___ Exercise data ___
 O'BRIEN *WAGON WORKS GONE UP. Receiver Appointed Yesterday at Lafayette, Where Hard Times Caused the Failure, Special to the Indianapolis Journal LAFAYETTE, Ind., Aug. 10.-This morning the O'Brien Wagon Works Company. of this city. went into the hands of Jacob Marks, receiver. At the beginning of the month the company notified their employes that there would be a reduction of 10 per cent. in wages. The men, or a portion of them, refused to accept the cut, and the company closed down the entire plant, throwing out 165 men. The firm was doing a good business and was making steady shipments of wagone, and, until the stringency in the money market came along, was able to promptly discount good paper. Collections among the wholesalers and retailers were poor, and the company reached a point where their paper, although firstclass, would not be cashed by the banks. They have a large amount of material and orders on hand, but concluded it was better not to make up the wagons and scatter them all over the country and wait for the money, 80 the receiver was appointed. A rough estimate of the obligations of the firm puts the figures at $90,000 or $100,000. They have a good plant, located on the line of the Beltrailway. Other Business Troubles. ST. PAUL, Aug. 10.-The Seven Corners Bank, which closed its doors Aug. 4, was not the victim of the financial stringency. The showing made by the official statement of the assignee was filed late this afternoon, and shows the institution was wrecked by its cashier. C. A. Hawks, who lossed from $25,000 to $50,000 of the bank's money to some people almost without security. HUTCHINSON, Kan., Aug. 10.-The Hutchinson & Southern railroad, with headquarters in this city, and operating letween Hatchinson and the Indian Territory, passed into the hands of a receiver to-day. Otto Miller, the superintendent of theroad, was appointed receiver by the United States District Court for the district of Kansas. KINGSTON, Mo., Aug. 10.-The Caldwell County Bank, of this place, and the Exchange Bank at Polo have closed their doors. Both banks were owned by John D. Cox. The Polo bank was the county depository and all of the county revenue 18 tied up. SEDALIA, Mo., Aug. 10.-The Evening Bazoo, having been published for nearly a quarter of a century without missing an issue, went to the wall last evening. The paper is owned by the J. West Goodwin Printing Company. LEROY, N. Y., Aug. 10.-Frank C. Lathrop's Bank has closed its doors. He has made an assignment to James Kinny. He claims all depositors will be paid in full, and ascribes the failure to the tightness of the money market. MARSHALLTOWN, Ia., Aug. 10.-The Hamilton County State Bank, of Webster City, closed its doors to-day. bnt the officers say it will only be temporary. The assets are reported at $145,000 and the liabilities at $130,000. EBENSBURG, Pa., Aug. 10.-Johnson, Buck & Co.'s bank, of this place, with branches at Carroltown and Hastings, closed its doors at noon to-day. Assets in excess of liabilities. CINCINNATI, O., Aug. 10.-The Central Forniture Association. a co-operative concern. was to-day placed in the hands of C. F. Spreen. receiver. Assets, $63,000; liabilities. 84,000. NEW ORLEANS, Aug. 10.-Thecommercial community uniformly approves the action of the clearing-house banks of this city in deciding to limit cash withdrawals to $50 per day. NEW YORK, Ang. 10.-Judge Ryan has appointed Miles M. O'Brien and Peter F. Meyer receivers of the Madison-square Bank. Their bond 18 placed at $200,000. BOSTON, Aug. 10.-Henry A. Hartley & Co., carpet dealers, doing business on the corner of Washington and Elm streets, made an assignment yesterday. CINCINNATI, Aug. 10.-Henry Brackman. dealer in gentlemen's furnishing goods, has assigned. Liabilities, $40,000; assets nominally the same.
___
___ Exercise data ___
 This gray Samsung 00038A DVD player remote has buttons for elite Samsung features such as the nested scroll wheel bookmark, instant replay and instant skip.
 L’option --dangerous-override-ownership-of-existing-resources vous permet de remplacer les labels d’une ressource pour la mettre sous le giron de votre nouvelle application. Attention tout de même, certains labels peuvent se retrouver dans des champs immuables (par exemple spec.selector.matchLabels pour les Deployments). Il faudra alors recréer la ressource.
___
# Your task
For this exercise, repeat exactly the lines of the data above from the one with "This gray Samsung" down to the one with "recréer la ressource.", both end lines included.

# Response
 This gray Samsung 00038A DVD player remote has buttons for elite Samsung features such as the nested scroll wheel bookmark, instant replay and instant skip.
 L’option --dangerous-override-ownership-of-existing-resources vous permet de remplacer les labels d’une ressource pour la mettre sous le giron de votre nouvelle application. Attention tout de même, certains labels peuvent se retrouver dans des champs immuables (par exemple spec.selector.matchLabels pour les Deployments). Il faudra alors recréer la ressource.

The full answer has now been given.